Leaving the images behind, copy every line of the records exactly.

Start of DATASET RECORDS

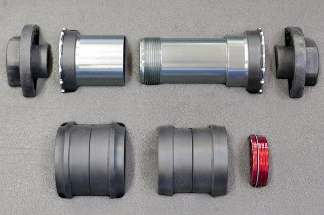 为了保证复杂路面时的骑行强度,两款车也都使用了前后12mm的铝合金桶轴轮组。在车架方面也都使用了全车内走线、锥形头管、螺纹对锁式中轴等技术。这里应该鼓励一下UCC,最近才兴起的螺纹对锁式中轴能有效解决传统压入式中轴的异响,并有效提高中轴的整体性,提高踩踏刚性。UCC这一个细节,的确走到了世界前列。
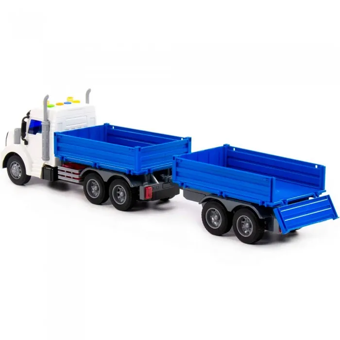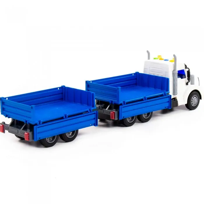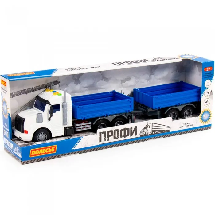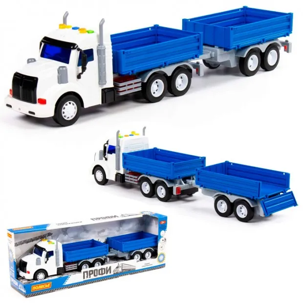 Автомобиль Профи бортовой с прицепом инерционный со светом и звуком синий в коробке 92564
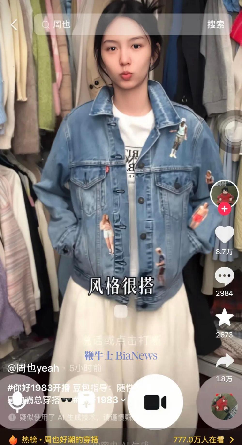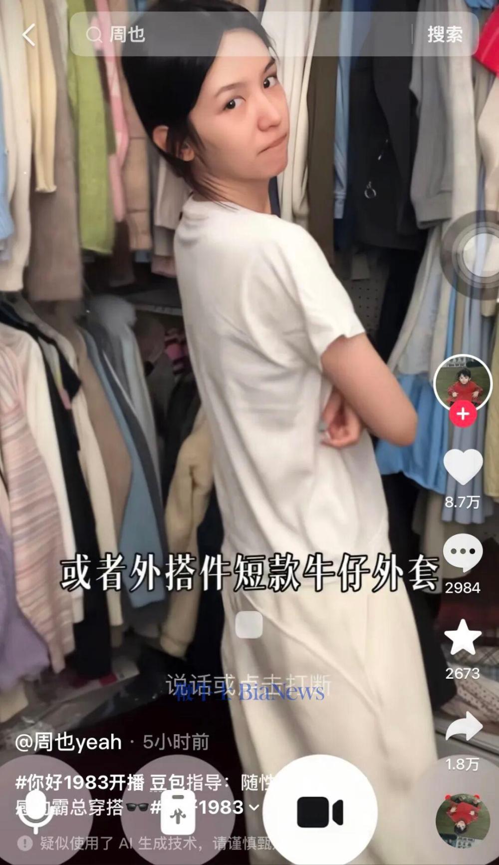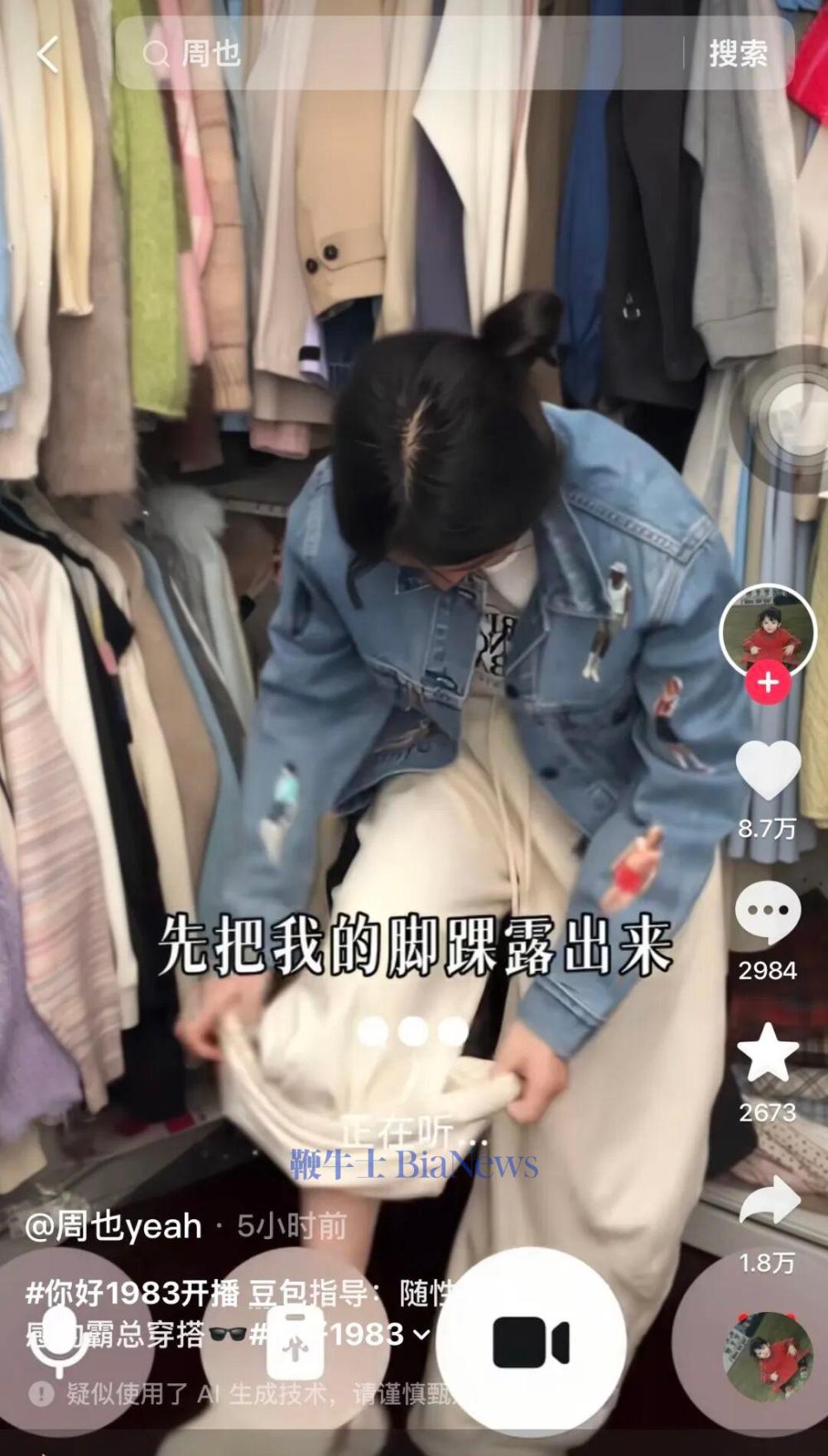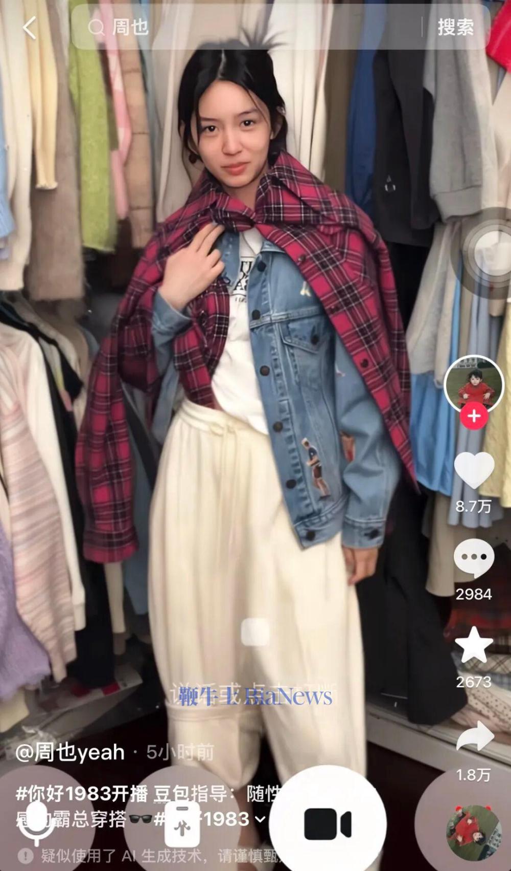 起初,周也身穿白色短T、米白长裤入境。豆包评价,这种搭配很清爽,就是颜色和版型太顺了,有点扁平。建议搭配短款牛仔外套。
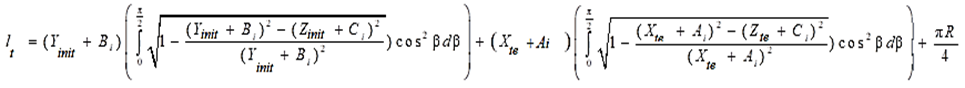 where lt – distance of trajectory; Yinit – initial coordinate at Y axe; Ai, Bi, Ci − respectively, the geometric dimensions of the manipulation object; Zinit – initial coordinate at Z axe; b – the angle of rotation of the IR arm when installing the manipulation object on the technical equipment (TE); Xte – position coordinate of TE at X axis; Zte – position coordinate of TE at Z axis; R – the radius of the rotational movement of the arm IR, performed when it passes from the coordinate system 0YZ to the coordinate system X0Z.
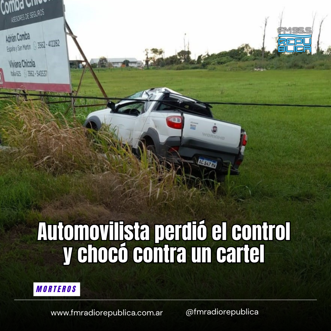 25/12/2025 - En la mañana de este jueves (7:50 hs) se produjo un accidente en el acceso norte a Morteros. Según informaron desde Seguridad Ciudadana, el conductor de una camioneta Fiat Strada perdió el control del rodado e impactó contra un cartel ubicado en la banquina. El conductor resultó con lesiones leves. Trabajaron en el lugar personal policial, seguridad ciudadana y Servicio de Emergencias

End of DATASET RECORDS

* [EXPECTED ANSWER]:
 为了保证复杂路面时的骑行强度,两款车也都使用了前后12mm的铝合金桶轴轮组。在车架方面也都使用了全车内走线、锥形头管、螺纹对锁式中轴等技术。这里应该鼓励一下UCC,最近才兴起的螺纹对锁式中轴能有效解决传统压入式中轴的异响,并有效提高中轴的整体性,提高踩踏刚性。UCC这一个细节,的确走到了世界前列。
 Автомобиль Профи бортовой с прицепом инерционный со светом и звуком синий в коробке 92564
 起初,周也身穿白色短T、米白长裤入境。豆包评价,这种搭配很清爽,就是颜色和版型太顺了,有点扁平。建议搭配短款牛仔外套。
 where lt – distance of trajectory; Yinit – initial coordinate at Y axe; Ai, Bi, Ci − respectively, the geometric dimensions of the manipulation object; Zinit – initial coordinate at Z axe; b – the angle of rotation of the IR arm when installing the manipulation object on the technical equipment (TE); Xte – position coordinate of TE at X axis; Zte – position coordinate of TE at Z axis; R – the radius of the rotational movement of the arm IR, performed when it passes from the coordinate system 0YZ to the coordinate system X0Z.
 25/12/2025 - En la mañana de este jueves (7:50 hs) se produjo un accidente en el acceso norte a Morteros. Según informaron desde Seguridad Ciudadana, el conductor de una camioneta Fiat Strada perdió el control del rodado e impactó contra un cartel ubicado en la banquina. El conductor resultó con lesiones leves. Trabajaron en el lugar personal policial, seguridad ciudadana y Servicio de Emergencias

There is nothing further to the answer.